-- Your objective --
For the records below, copy exactly the span that begins at the line containing "Congélateur Vertical 6" and stops after the line containing "绘画日记本小学生一年级二年级", minus any pictures.

:: Provided entries

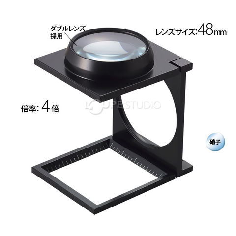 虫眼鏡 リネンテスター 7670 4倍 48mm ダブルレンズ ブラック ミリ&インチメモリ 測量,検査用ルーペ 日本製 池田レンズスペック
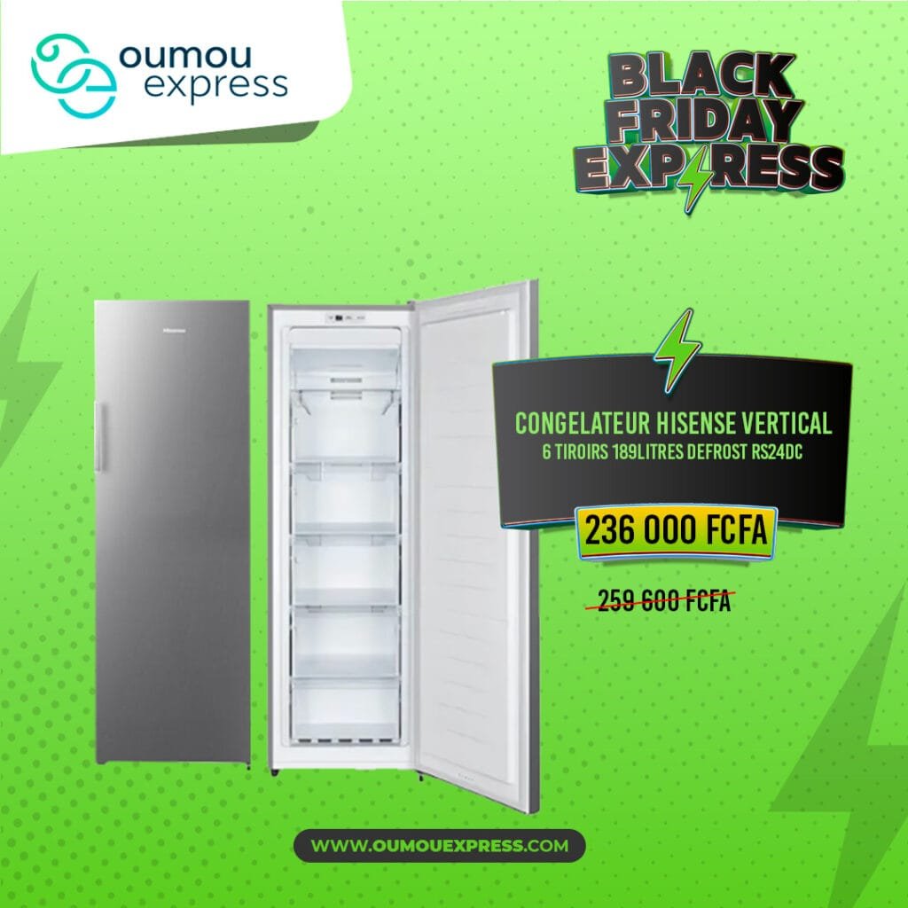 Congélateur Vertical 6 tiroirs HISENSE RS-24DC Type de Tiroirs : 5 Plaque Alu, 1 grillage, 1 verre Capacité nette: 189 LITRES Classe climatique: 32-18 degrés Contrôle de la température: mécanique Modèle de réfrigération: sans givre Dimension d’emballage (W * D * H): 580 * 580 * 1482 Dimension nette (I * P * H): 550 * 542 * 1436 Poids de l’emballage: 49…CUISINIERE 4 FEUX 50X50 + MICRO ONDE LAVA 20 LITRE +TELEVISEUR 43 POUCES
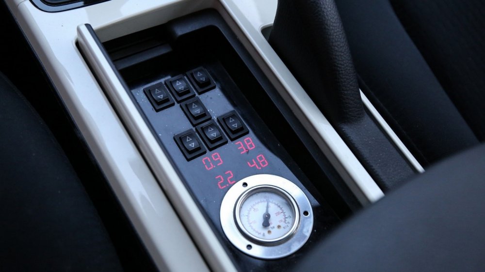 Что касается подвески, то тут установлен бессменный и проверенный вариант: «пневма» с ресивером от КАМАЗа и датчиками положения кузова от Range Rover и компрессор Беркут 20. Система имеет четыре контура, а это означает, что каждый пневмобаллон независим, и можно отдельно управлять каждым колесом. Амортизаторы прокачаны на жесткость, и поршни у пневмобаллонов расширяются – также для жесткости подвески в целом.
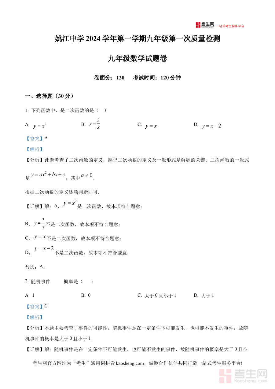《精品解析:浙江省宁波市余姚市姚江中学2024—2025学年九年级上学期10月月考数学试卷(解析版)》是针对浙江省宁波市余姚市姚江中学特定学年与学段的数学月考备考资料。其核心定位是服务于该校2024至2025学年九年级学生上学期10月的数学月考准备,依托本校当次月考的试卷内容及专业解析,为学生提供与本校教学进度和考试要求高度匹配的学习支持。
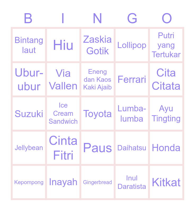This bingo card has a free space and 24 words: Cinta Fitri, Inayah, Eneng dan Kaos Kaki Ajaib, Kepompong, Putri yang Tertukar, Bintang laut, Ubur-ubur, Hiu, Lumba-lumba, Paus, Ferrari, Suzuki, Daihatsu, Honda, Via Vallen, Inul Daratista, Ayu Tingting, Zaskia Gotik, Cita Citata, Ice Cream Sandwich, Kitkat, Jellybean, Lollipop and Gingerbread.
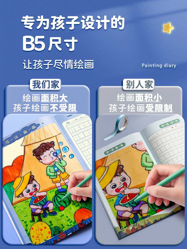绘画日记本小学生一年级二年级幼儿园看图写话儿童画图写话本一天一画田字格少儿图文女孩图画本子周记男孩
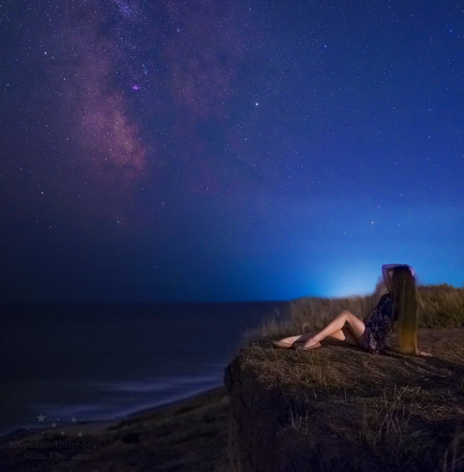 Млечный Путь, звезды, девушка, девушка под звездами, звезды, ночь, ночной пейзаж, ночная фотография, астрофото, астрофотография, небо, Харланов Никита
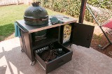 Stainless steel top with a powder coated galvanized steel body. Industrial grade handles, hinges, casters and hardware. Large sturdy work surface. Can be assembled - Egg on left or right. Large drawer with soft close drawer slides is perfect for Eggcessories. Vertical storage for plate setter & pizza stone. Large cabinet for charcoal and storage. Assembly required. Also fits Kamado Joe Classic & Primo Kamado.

::::
:: Provided entries

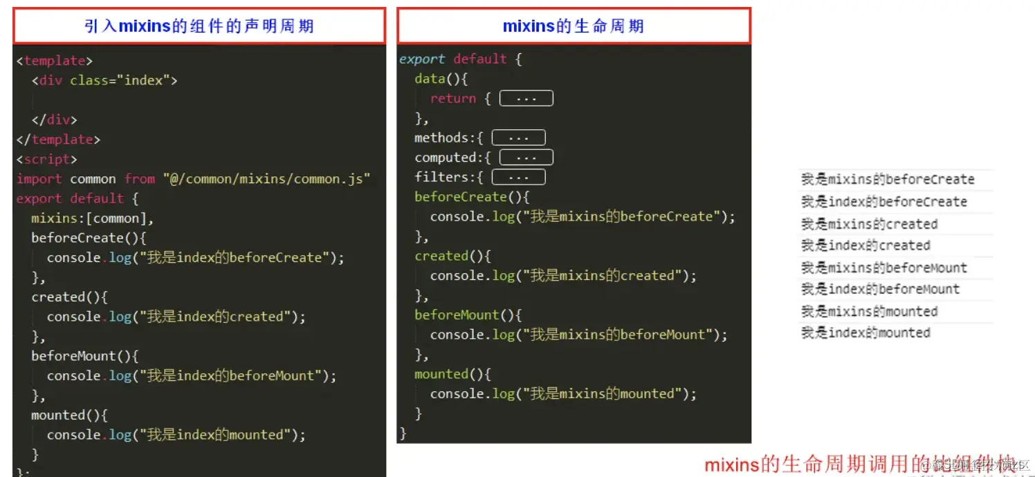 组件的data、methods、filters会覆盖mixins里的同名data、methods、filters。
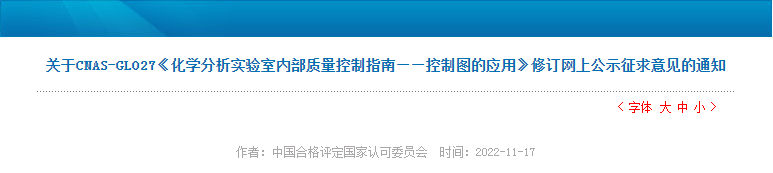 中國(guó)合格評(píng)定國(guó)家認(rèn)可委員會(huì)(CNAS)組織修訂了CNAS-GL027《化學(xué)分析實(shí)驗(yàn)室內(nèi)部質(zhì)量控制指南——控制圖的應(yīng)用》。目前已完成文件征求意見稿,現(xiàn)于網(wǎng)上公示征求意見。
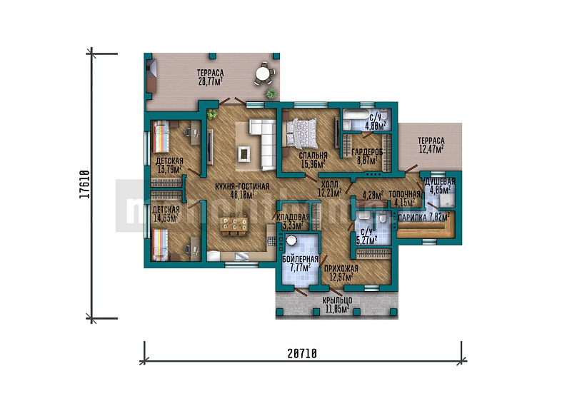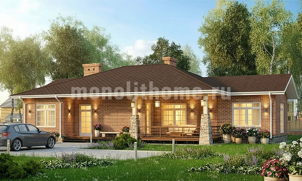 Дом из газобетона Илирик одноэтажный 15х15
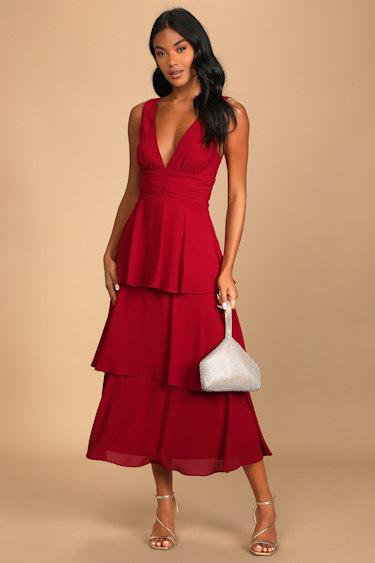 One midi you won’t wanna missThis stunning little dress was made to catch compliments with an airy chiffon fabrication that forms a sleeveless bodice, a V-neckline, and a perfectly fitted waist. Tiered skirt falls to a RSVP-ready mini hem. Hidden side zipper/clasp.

::::

-- Exercise output --
 Congélateur Vertical 6 tiroirs HISENSE RS-24DC Type de Tiroirs : 5 Plaque Alu, 1 grillage, 1 verre Capacité nette: 189 LITRES Classe climatique: 32-18 degrés Contrôle de la température: mécanique Modèle de réfrigération: sans givre Dimension d’emballage (W * D * H): 580 * 580 * 1482 Dimension nette (I * P * H): 550 * 542 * 1436 Poids de l’emballage: 49…CUISINIERE 4 FEUX 50X50 + MICRO ONDE LAVA 20 LITRE +TELEVISEUR 43 POUCES
 Что касается подвески, то тут установлен бессменный и проверенный вариант: «пневма» с ресивером от КАМАЗа и датчиками положения кузова от Range Rover и компрессор Беркут 20. Система имеет четыре контура, а это означает, что каждый пневмобаллон независим, и можно отдельно управлять каждым колесом. Амортизаторы прокачаны на жесткость, и поршни у пневмобаллонов расширяются – также для жесткости подвески в целом.
《精品解析:浙江省宁波市余姚市姚江中学2024—2025学年九年级上学期10月月考数学试卷(解析版)》是针对浙江省宁波市余姚市姚江中学特定学年与学段的数学月考备考资料。其核心定位是服务于该校2024至2025学年九年级学生上学期10月的数学月考准备,依托本校当次月考的试卷内容及专业解析,为学生提供与本校教学进度和考试要求高度匹配的学习支持。
This bingo card has a free space and 24 words: Cinta Fitri, Inayah, Eneng dan Kaos Kaki Ajaib, Kepompong, Putri yang Tertukar, Bintang laut, Ubur-ubur, Hiu, Lumba-lumba, Paus, Ferrari, Suzuki, Daihatsu, Honda, Via Vallen, Inul Daratista, Ayu Tingting, Zaskia Gotik, Cita Citata, Ice Cream Sandwich, Kitkat, Jellybean, Lollipop and Gingerbread.
绘画日记本小学生一年级二年级幼儿园看图写话儿童画图写话本一天一画田字格少儿图文女孩图画本子周记男孩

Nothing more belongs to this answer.